As noted above, there are 185 recommendations included in the review, which are worth reading in full (but are too many to include here). But some of the standouts include:
Map all current bulk flows of pseudonymised NHS GP data, and then shut these down, wherever possible, as soon as Trusted Research Environments for GP data meet all reasonable user needs.
Ensure all code for data curation and analysis paid for by the state through academic funders and NHS procurement is shared openly, with appropriate technical documentation, to all data users.

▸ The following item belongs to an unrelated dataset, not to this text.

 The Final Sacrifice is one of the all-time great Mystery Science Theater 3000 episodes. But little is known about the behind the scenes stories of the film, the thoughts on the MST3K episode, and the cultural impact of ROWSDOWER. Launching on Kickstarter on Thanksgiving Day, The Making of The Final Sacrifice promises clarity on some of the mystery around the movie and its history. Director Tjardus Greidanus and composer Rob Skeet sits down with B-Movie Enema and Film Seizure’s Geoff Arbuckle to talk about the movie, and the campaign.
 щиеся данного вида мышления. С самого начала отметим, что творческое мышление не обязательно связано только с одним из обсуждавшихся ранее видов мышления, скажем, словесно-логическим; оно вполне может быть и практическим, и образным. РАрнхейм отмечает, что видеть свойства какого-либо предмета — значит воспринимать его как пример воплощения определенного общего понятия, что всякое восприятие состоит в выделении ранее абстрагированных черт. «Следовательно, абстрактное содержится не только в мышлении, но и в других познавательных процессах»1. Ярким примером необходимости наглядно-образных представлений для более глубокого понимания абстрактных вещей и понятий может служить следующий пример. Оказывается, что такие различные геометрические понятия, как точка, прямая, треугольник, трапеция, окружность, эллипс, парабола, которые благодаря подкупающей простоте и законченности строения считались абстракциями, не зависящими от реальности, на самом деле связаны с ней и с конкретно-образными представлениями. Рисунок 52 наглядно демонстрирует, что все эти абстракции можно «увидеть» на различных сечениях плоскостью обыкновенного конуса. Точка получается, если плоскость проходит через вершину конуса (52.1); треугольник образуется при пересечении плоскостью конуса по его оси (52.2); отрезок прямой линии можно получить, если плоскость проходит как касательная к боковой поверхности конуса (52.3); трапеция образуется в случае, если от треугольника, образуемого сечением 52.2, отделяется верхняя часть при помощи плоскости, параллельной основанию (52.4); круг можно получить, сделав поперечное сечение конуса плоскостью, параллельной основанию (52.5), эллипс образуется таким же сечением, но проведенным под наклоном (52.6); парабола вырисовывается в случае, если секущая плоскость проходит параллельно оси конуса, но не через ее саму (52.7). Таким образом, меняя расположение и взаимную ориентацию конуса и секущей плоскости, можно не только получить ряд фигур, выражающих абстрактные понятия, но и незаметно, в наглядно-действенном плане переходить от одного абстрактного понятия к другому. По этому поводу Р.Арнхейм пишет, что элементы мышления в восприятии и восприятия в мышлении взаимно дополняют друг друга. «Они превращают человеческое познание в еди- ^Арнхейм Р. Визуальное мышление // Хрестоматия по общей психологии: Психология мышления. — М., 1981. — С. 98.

Data preparation, analysis and visualisation is complex technical work, requiring collaboration by many individuals, who may never meet, in a range of organisations, across the NHS and other sectors.
Bridge the gap between health research and software development: train academic researchers and NHS analysts in contemporary computational data science techniques.

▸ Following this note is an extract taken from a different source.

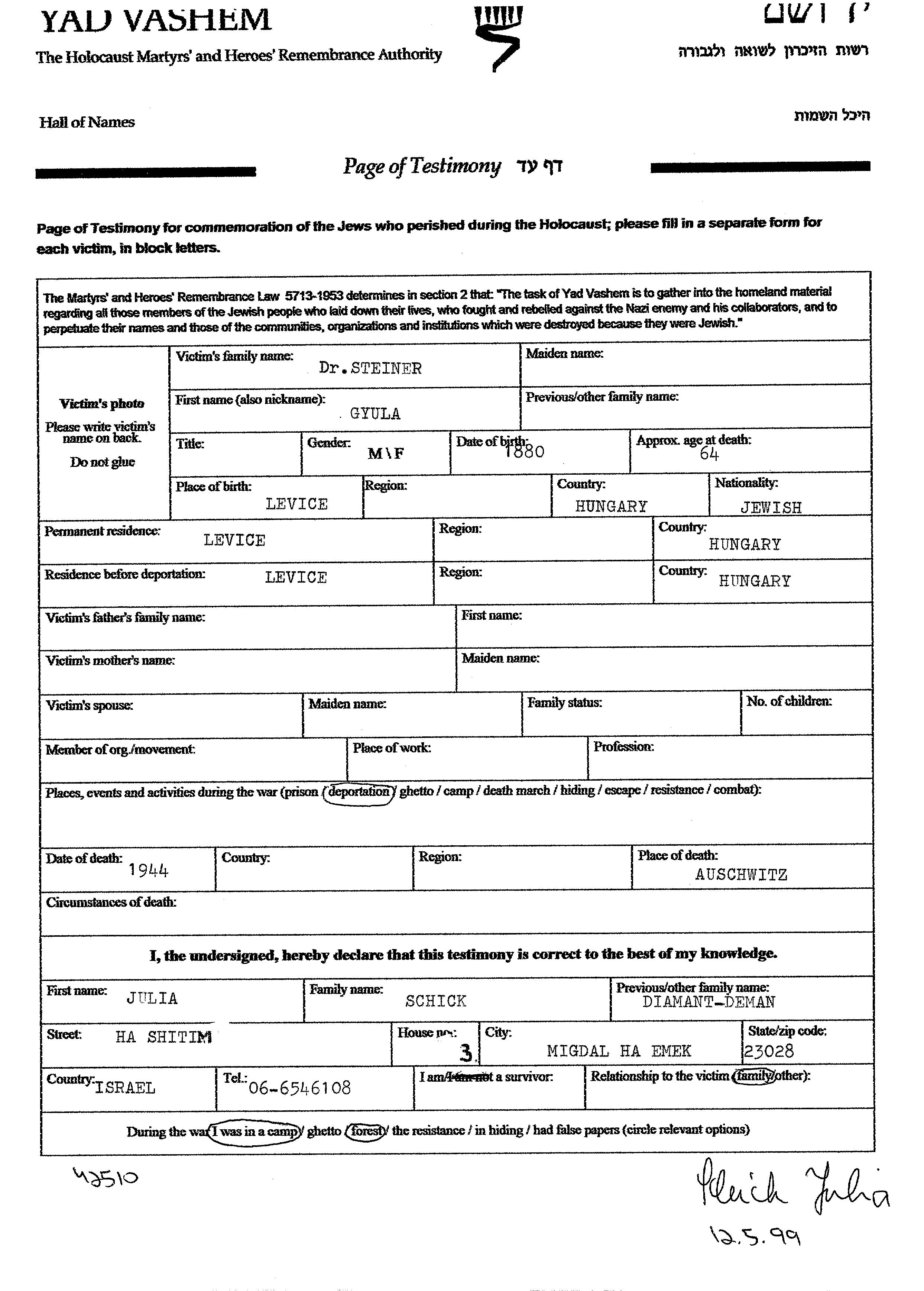 דר. Steiner נרצח בשואה. מקום המוות: Auschwitz שבפולין בשנת 1944.

Stop doing data curation differently, to variable and unseen standards, duplicatively in every team, data centre, and project: recognise NHS data curation as a complex, standalone, high status technical challenge of its own.

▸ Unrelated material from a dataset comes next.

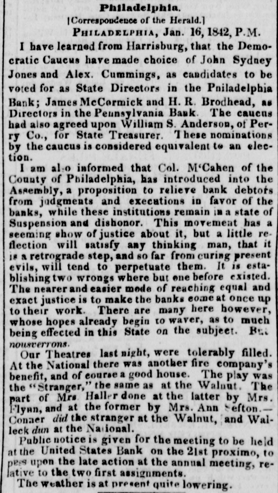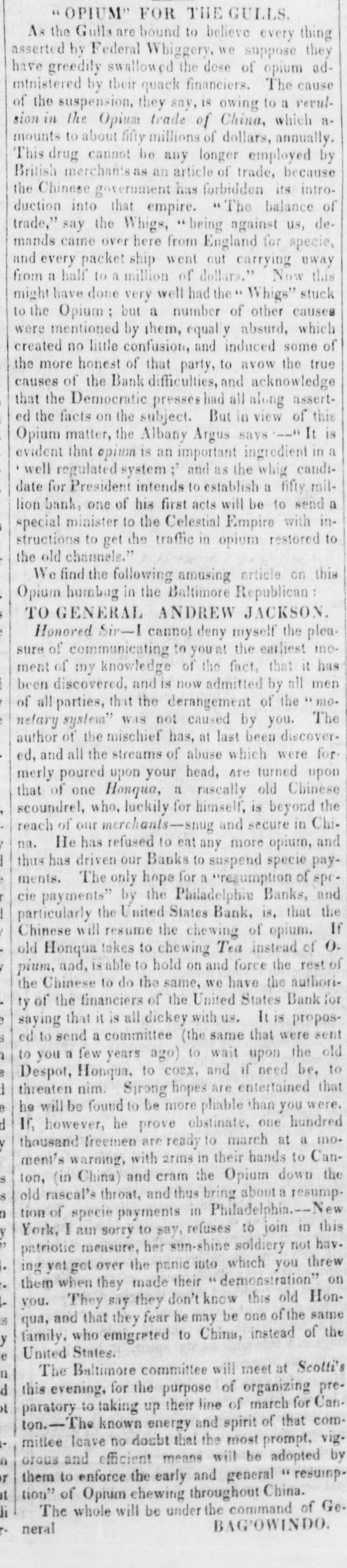 # "OPIUM" FOR THE GULLS. As the Gulls are bound to believe every thing asserted by Federal Whiggery, we suppose they have greedily swallowed the dose of opium ad-mtnistered by their quack financiers. The cause of the suspension, they say, is owing to a revulsion in the Opium trade of China, which amounts to about fifty millions of dollars, annually. This drug cannot be any longer employed by British merchants as an article of trade, because the Chinese government has forbidden its introduction into that empire. "The balance of trade," say the Whigs, "being against us, demands came over here from England for specie, and every packet ship went out carrying away from a half to a million of dollars." Now this might have done very well had the "Whigs" stuck to the Opium; but a number of other causes were mentioned by them, equaly absurd, which created no little confusion, and induced some of the more honest of that party, to avow the true causes of the Bank difficulties, and acknowledge that the Democratic presses had all along asserted the facts on the subject. But in view of this Opium matter, the Albany Argus says --" It is evident that opium is an important ingredient in a well regulated system; and as the whig candidate for President intends to establish a fifty million bank, one of his first acts will be to send a special minister to the Celestial Empire with instructions to get the traffic in opium restored to the old channels." We find the following amusing article on this Opium humbug in the Baltimore Republican: TO GENERAL ANDREW JACKSON. Honored Sir-I cannot deny myself the pleasure of communicating to you at the earliest moment of my knowledge of the fact, that it has been discovered, and is now admitted by all men of all parties, that the derangement of the "monetary system" was not caused by you. The author of the mischief has, at last been discovered, and all the streams of abuse which were formerly poured upon your head, are turned upon that of one Honqua, a rascally old Chinese scoundrel, who, luckily for himself, is beyond the reach of our merchants-snug and secure in China. He has refused to eat any more opium, and thus has driven our Banks to suspend specie payments. The only hope for a "resumption of specie payments" by the Philadelphie Banks, and particularly the United States Bank, is, that the Chinese will resume the chewing of opium. If old Honqua takes to chewing Tea instead of Opium, and, is able to hold on and force the rest of the Chinese to do the same, we have the authority of the financiers of the United States Bank for saying that it is all dickey with us. It is proposed to send a committee (the same that were sent to you a few years ago) to wait upon the old Despot, Honqua, to coax, and if need be, to threaten him. Strong hopes are entertained that he will be found to be more pliable than you were. If, however, he prove obstinate, one hundred thousand freemen are ready to march at a moment's warning, with arms in their hands to Canton, (in China) and cram the Opium down the old rascal's throat, and thus bring about a resumption of specie payments in Philadelphia.--New York, I am sorry to say, refuses to join in this patriotic measure, her sun-shine soldiery not having yet got over the panic into which you threw them when they made their "demonstration" on you. They say they don't know this old Hon-squa, and that they fear he may be one of the same family, who emigrated to China, instead of the United States. The Baltimore committee will meet at Scotti's this evening, for the purpose of organizing preparatory to taking up their line of march for Canton. The known energy and spirit of that committee leave no doubt that the most prompt, vigorous and efficient means will be adopted by them to enforce the early and general "resuinption" of Opium chewing throughout China. The whole will be under the command of General BAGOWINDO.

Embrace modern, open working methods for NHS data analysis by committing to Reproducible Analytical Pipelines (RAP) as the core working practice that must be supported by all platforms and teams; make this a core focus of NHS analyst training.
Have a frank public conversation about commercial use of NHS data for innovation, but only after privacy issues have been addressed through adoption of Trusted Research Environments
Build impatiently, but incrementally, accepting that new ways of working are overdue, but cannot replace old methods overnight.
Commenting on the findings, Health and Social Care Secretary, Sajid Javid, said:
In some ways, health data is unlike other data. Concerns about privacy take on an even bigger life when it concerns our personal medical data. Moreover, the systems across the NHS and medical research can feel intimidatingly complex.
Yet in other ways, healthcare is more suited to data and the innovation that follows than almost any other sector – with the depth and coverage of NHS data providing unique opportunities. Navigating complexity can come with even greater gains, and the number of applications for medical data in health research are seemingly never-ending. The rewards of getting it right are profound, with not just lives saved but longer, healthier and happier lives too.
This report shows that we need to be as thoughtful as we are innovative, guided by safe ethical frameworks for providing access to data, as well as systems that ensure under-represented groups are well represented. It also makes clear that we have all the building blocks we need for success, including an unrivalled wealth of experience in using health data. However, it also shows areas where we must boost our capability and capacity if we are to reach our full potential.
This is the most comprehensive, thoughtful report on healthcare data I’ve seen produced by this government - one that takes into account the failings of the past and is honest about what is needed for effective data use in the NHS. It doesn’t shy away from discussions around privacy and potential commercial use of healthcare data, but puts user need and privacy at the heart of all recommendations. Whether or not it is taken seriously by the current administration remains to be seen, but it’s an effective blueprint that could pave the way for an exciting future for the NHS.